La puerta se conmueve con unos golpes que alguien descarga sin piedad.
El interior de la casa se trastorna. El gato, los perros se
ponen en guardia. Se hace un silencio que se llena y se sacude con el retumbar de
las explosiones contra la madera.
Quien está adentro siente urgencia por abrir, porque el
llamado es muy acuciante o porque intuye que está preñado de algo que desea, o porque
está ansioso y el llamado lo calmará, o porque siente que su misión en la vida
es atender.
Abre la puerta y hay un demonio.
Detrás del demonio hay varios más.
Los deja entrar.
Los demonios hablan, él los escucha y comienza a escribir lo
que cuentan.
Deja la puerta abierta, y van entrando más demonios, como se
escribir fuera un modo de convocarlos; como si los demonios de allá afuera se
dijeran “miren, aquel abrió la puerta, entremos”.

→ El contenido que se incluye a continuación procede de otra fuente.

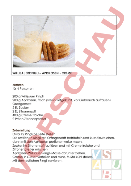 WILLISAUERRINGLI – APRIKOSEN CREME Zutaten für 4 Personen 200 Willisauer Ringli 200 Aprikosen, frisch (wenn tiefgekühlt, vor Gebrauch auftauen) Orangensaft 2 EL Zucker 2 EL Zitronensaft 400 Creme fraiche 2 Prisen Zitronenpfeffer Zubereitung Etwa 12 Ringli beiseite stellen Die restlichen Ringli mit Orangensaft beträufeln und kurz einweichen, dann mit den Aprikosen portionenweise mixen. Zucker im Zitronensaft auflösen und mit Creme fraiche und Zitronenpfeffer mischen Aprikosen-Willisauer-Ringli-Masse darunter ziehen. Creme in Gläser verteilen und mind. Std kühl stellen. Mit den restlichen Ringli servieren.
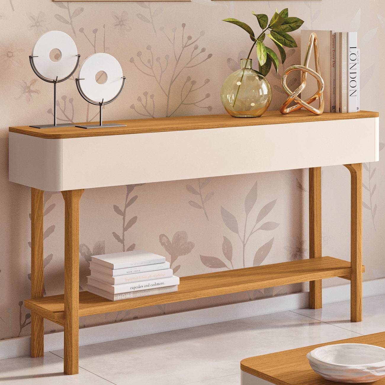 Aparador Sala de Estar 136cm Com Prateleira Janis Off/Cinamomo H01 - Mpozenato
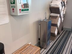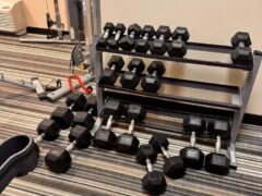 Dumbbells were all over the place but go up to 50 lbs/22 kgs and there’s an adjustable bench as well.

En un momento, el que escribe termina de escribir todos los
demonios que entraron. Sin embargo, tiene la sensación de que aún faltan.
Va a la puerta, se asoma y no ve más demonios.
Entra.
Deja la novela de los demonios en algún lugar.
Vuelve a salir, y otra vez, nada.
Deja pasar el tiempo. Cada tanto vuelve a salir y no ve demonios.
Algunos años después sale y ve, en una montaña lejanas, diminutos,
tres demonios que caminan lentamente en dirección a su casa .
En ese momento sabe que son los últimos tres.
Ahora sí, podrá terminar su historia.